### TASK BRIEF
What is needed is an exact copy of the lines in the entries below from the one holding "2. Revitalizace sídelní" through the one holding "また、訪問団員は期間中テキサ", pictures excluded.

### SUPPLIED DATA
=== Begin Enclosure ===

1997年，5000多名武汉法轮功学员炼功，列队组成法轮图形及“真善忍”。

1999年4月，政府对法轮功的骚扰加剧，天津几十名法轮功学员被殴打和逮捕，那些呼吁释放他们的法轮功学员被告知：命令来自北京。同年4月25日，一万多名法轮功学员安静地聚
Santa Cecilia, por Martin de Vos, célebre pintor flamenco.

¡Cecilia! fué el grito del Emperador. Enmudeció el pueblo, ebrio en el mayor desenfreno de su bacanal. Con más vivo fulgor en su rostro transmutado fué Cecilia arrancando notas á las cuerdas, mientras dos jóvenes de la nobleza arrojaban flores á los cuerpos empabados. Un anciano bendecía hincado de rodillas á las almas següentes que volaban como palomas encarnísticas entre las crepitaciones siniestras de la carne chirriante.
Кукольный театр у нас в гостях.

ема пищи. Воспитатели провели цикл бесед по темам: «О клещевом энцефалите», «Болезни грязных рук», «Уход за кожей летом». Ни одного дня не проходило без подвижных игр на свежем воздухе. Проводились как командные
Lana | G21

=== End Enclosure ===
=== Begin Enclosure ===

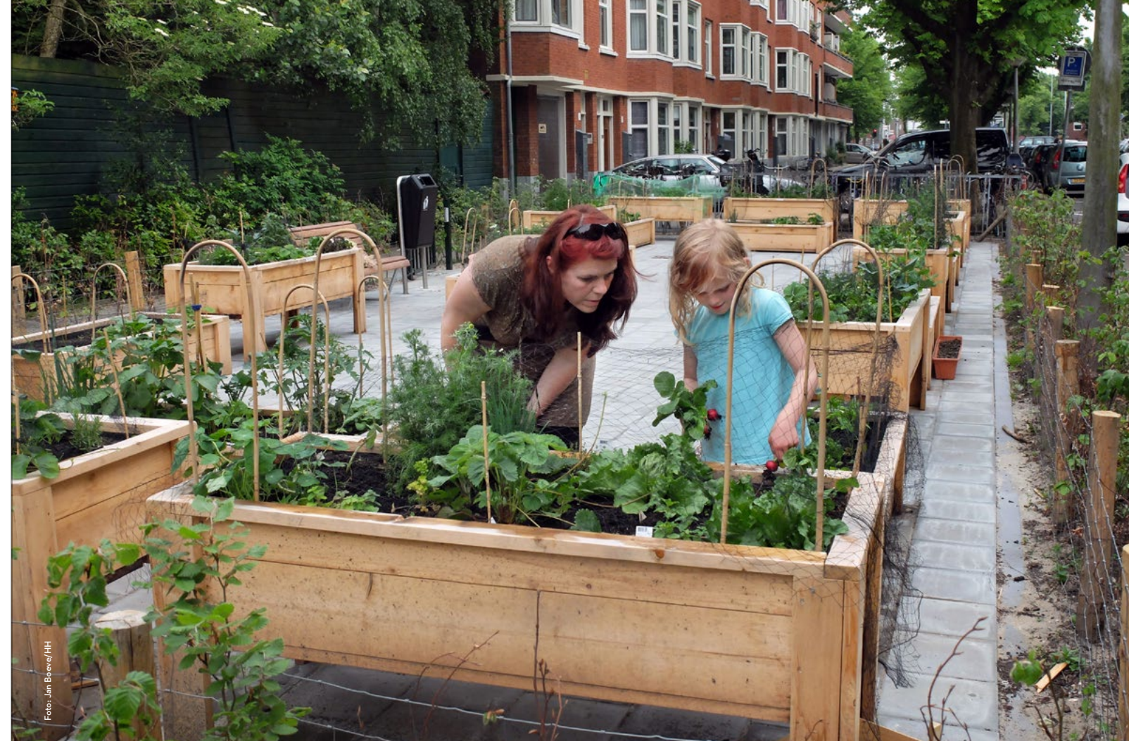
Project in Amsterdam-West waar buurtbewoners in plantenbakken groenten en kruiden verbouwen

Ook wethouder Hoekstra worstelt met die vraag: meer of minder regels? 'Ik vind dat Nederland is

=== End Enclosure ===
=== Begin Enclosure ===

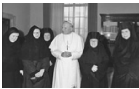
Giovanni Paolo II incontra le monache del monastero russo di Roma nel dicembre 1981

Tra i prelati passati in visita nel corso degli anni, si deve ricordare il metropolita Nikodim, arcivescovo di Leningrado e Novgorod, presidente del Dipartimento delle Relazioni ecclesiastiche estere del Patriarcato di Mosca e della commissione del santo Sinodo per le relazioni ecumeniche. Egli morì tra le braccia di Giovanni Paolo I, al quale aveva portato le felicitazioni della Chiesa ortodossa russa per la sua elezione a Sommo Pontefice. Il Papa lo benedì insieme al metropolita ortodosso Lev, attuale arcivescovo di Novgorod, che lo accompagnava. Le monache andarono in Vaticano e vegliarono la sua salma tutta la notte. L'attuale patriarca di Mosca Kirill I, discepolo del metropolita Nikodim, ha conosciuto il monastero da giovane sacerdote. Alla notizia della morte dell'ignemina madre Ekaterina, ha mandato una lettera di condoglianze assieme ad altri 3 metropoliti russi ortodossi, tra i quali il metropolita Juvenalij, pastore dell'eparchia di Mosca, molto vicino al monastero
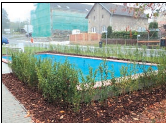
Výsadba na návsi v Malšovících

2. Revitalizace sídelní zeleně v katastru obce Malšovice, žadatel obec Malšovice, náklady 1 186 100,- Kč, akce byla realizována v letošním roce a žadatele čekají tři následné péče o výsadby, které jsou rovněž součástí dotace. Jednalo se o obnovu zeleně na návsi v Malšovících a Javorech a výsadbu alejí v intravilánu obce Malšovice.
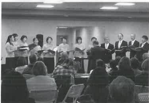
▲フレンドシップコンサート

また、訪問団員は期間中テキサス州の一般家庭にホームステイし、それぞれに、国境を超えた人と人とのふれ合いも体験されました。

=== End Enclosure ===

### RESULT BELOW
2. Revitalizace sídelní zeleně v katastru obce Malšovice, žadatel obec Malšovice, náklady 1 186 100,- Kč, akce byla realizována v letošním roce a žadatele čekají tři následné péče o výsadby, které jsou rovněž součástí dotace. Jednalo se o obnovu zeleně na návsi v Malšovících a Javorech a výsadbu alejí v intravilánu obce Malšovice.
▲フレンドシップコンサート

また、訪問団員は期間中テキサス州の一般家庭にホームステイし、それぞれに、国境を超えた人と人とのふれ合いも体験されました。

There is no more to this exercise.